Here is my solution (only two or three lines of codes) to check for any number of columns to see whether they are one to one match (duplicated matches are allowed, see the example bellow).
cols = ['A', 'B'] # or any number of columns ['A', 'B', 'C']
res = df.groupby(cols).count()
uniqueness = [res.index.get_level_values(i).is_unique
for i in range(res.index.nlevels)]
all(uniqueness)
Let's make it a function and add some docs:
def is_one_to_one(df, cols):
"""Check whether any number of columns are one-to-one match.
df: a pandas.DataFrame
cols: must be a list of columns names
Duplicated matches are allowed:
a - 1
b - 2
b - 2
c - 3
(This two cols will return True)
"""
if len(cols) == 1:
return True
# You can define you own rules for 1 column check, Or forbid it
# MAIN THINGs: for 2 or more columns check!
res = df.groupby(cols).count()
# The count number info is actually bootless.

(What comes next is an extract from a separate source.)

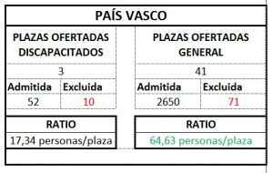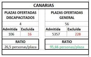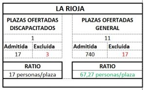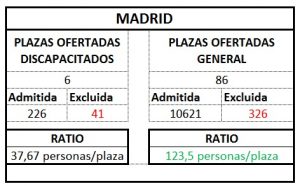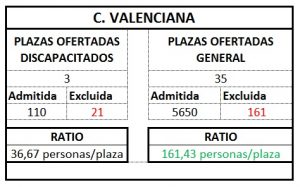 A continuación publicamos el ratio por plaza según ámbito que hemos sacado de los listados publicados:
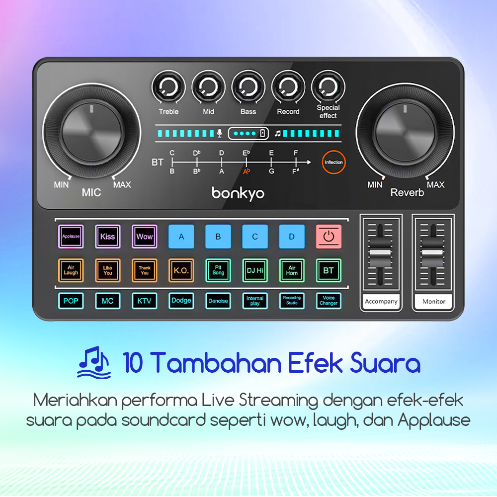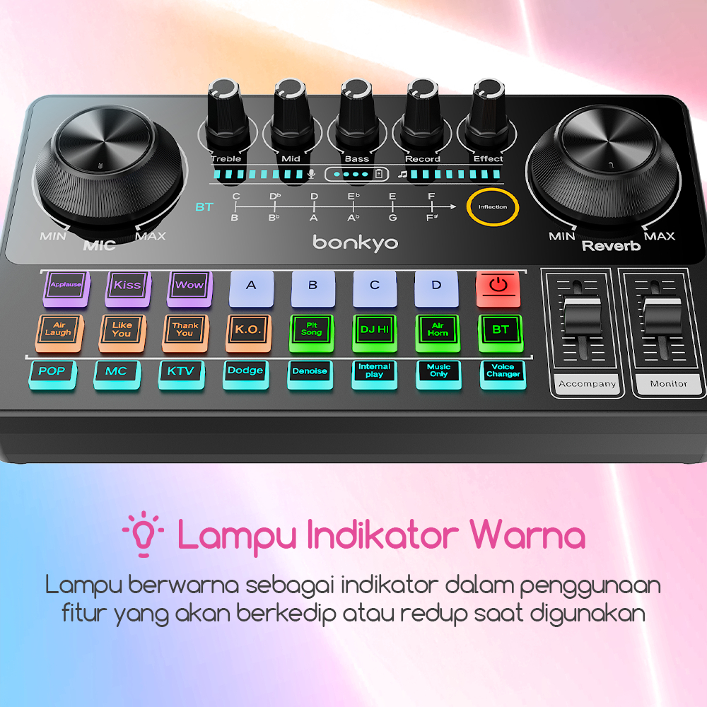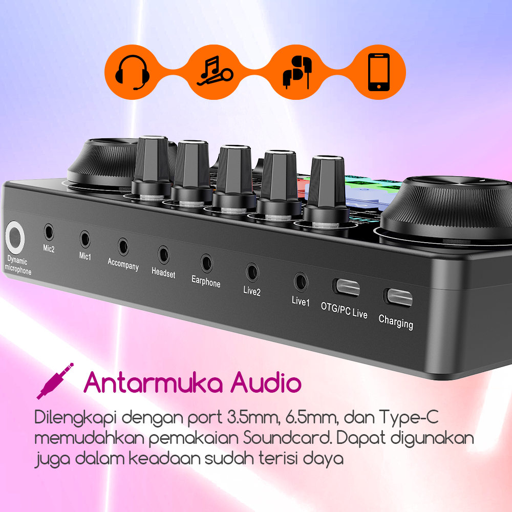 Bonkyo [Nilai Hebat] Sound Card F999Neo + Mikrofon + Lampu Pengisi + Set Kabel Otg 2-In-1 4 Tombol Yang Dapat Disesuaik

# What maters here is the grouped *MultiIndex*
# and its uniqueness in each level
uniqueness = [res.index.get_level_values(i).is_unique
for i in range(res.index.nlevels)]
return all(uniqueness)
By using this function, you can do the one-to-one match check:
df = pd.DataFrame({'A': [0, 1, 2, 0],
'B': ["'a'", "'b'", "'c'", "'a'"],
'C': ["'apple'", "'banana'", "'apple'", "'apple'"],})
is_one_to_one(df, ['A', 'B'])
is_one_to_one(df, ['A', 'C'])
is_one_to_one(df, ['A', 'B', 'C'])
# Outputs:
# True
# False
# False